Thursday, March 10, 2016

Highlights from Baren Exchange #67 (Part 1 of 3)

I am very excited to have received the prints from Baren Print Exchange #67. So much so that I'm going to devote three posts to highlighting some of my favorites.

The above print is "Moondog" by Joseph Taylor, and the below print is "Fish Follies" by Anne van Oppen.

Both here and there, we focus on a creature. In one instance it is a dog, honed in on by one-point perspective, nightime isolation, and a spotlight cast by the moon. The light falls from behind the dog, and so casts a dark shadow that bleeds into the frame. I am particularly captivated by the misty, dark grey in the corner that seems even more ominous and likely to swallow him up than the pitch-black structures. The dog himself is in the moment, lapping up water or eating out of a dish.
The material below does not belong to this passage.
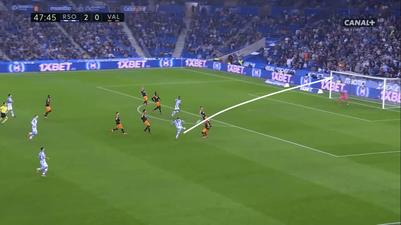 This shot from Januzaj is too beautiful to leave out. While you can argue Jaume should have done better given his positioning and the distance of the shot, it’s a perfectly hit ball. The bigger issue is the poor containment by Jaume Costa. No one in the Valencia side manages to complicate the angle to goal, not do they deal with the run of Alexander Isak, who could easily have been played through the central channel. The midfield’s inability to either recover the ball or commit a foul allowed Real Sociedad to run at the vulnerable backline. This was poor defending every step of the way, but the early errors in the midfield led to the progression of the play.

Maybe the dish has been kindly put out for him, or maybe it is merely a found object, such as the lid of a trash can. Under the raining heavens, he satisfies a most basic yearning.


In the second scene, the creature in question is a fish. She, too, eagerly consumes (in this case, a smaller fish) under a heavenly body (this time a bright and cheerful sun) and textured sky. She, too, is diminished by a man-made structure, though it is at a distance and the boat's passenger seems to celebrate her feast.







1 comment:

  1. i love the energy of Anne van Oppen's print -- well suited to a picture book.